───── COLLECTED MATERIAL
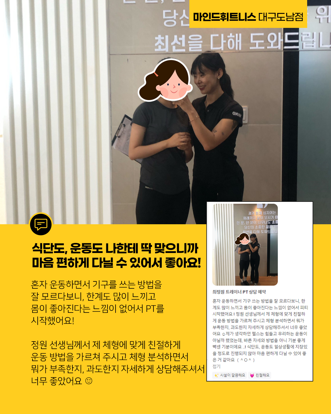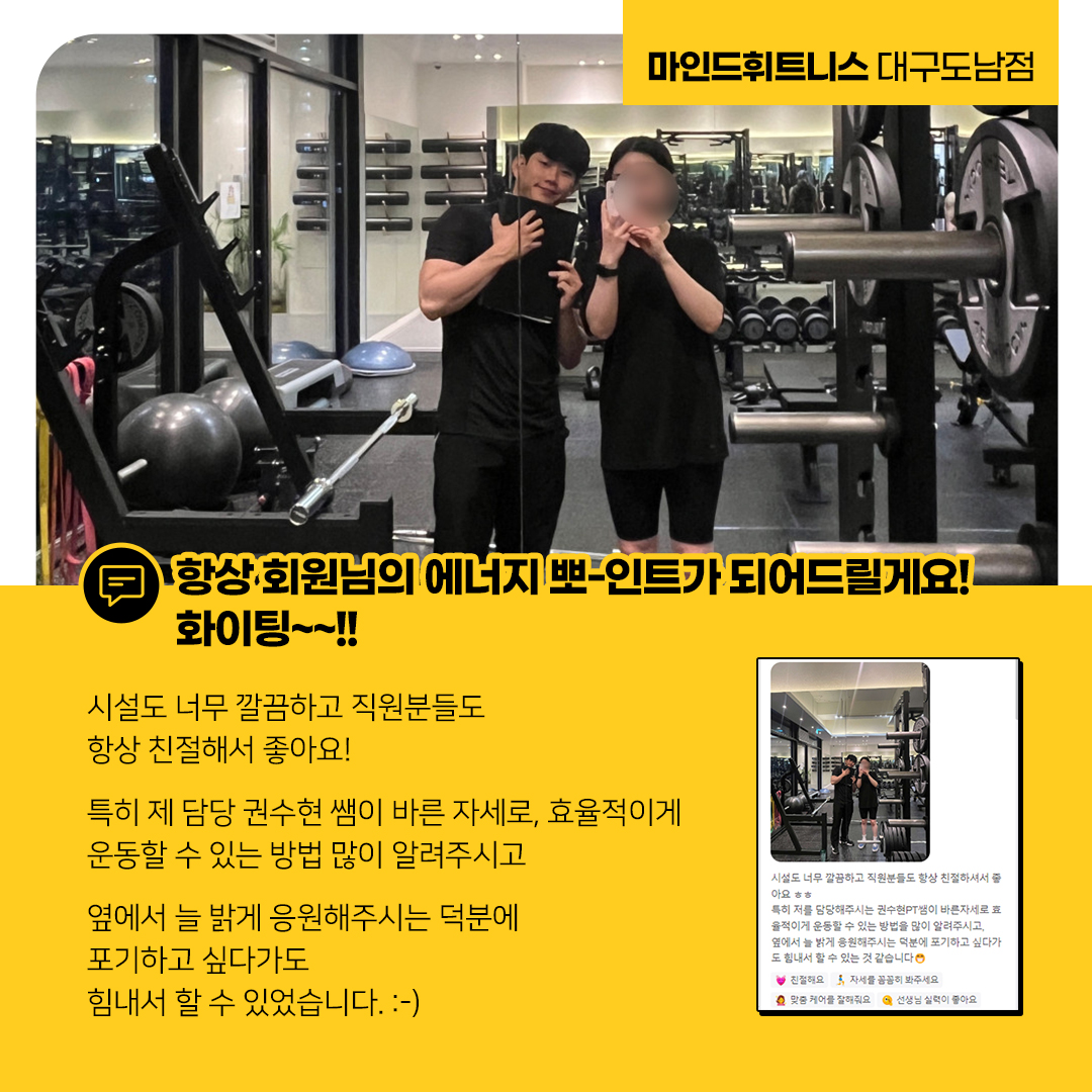 마음이 진심이 되어 전심이 되는 휘트니스, 질 좋은 운동 · 제대로 된 운동효과를 마인드휘트니스 대구 도남지구점에서 얻어 보시는 건 어떠신가요? |
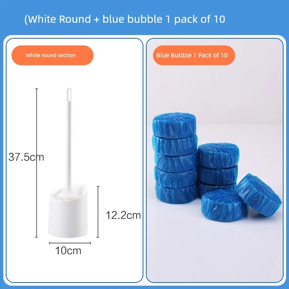Deliksiz Duvara Monte Tuvalet Fırçası - Beyaz Yuvarlak + Mavi Köpük Paket (10 Adet)
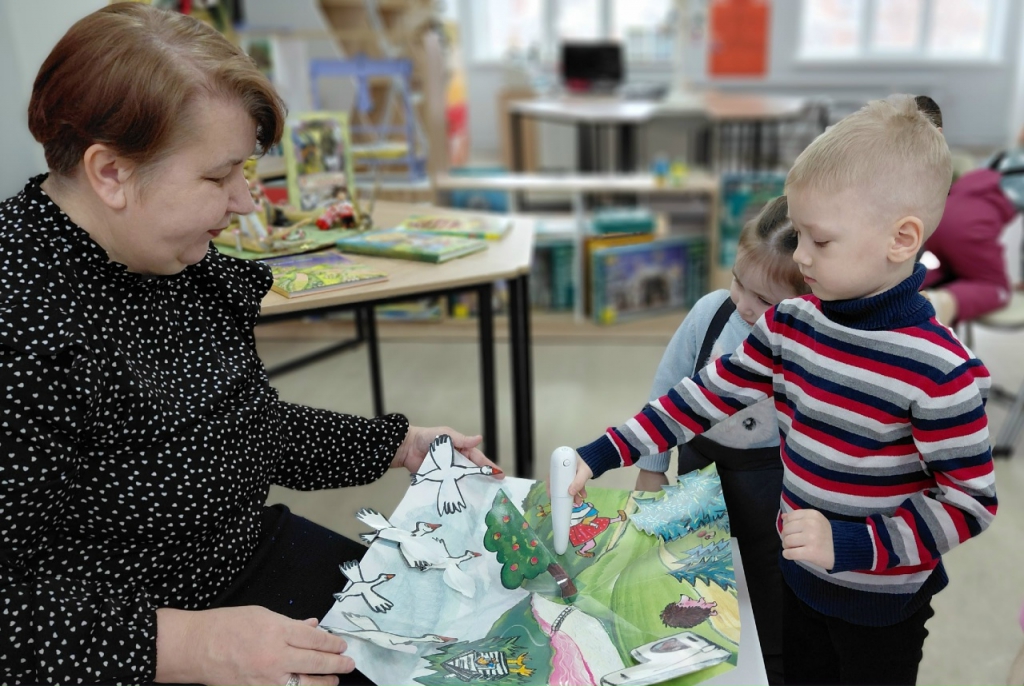Воспитанники детского сада № 75 г. Чебоксары стали активными участниками громких чтений, погрузившись в мир волшебства и народных традиций. Ребята прослушали известную русскую народную сказку «Гуси-лебеди» в ходе использования интерактивного комплекта «Путешествие по странам и континентам» из серии «Волшебный карандаш».
──────────
### TASK GOAL
The images are to be left out; every line above should be set down exactly.

### SOLUTION
 마음이 진심이 되어 전심이 되는 휘트니스, 질 좋은 운동 · 제대로 된 운동효과를 마인드휘트니스 대구 도남지구점에서 얻어 보시는 건 어떠신가요? |
Deliksiz Duvara Monte Tuvalet Fırçası - Beyaz Yuvarlak + Mavi Köpük Paket (10 Adet)
Воспитанники детского сада № 75 г. Чебоксары стали активными участниками громких чтений, погрузившись в мир волшебства и народных традиций. Ребята прослушали известную русскую народную сказку «Гуси-лебеди» в ходе использования интерактивного комплекта «Путешествие по странам и континентам» из серии «Волшебный карандаш».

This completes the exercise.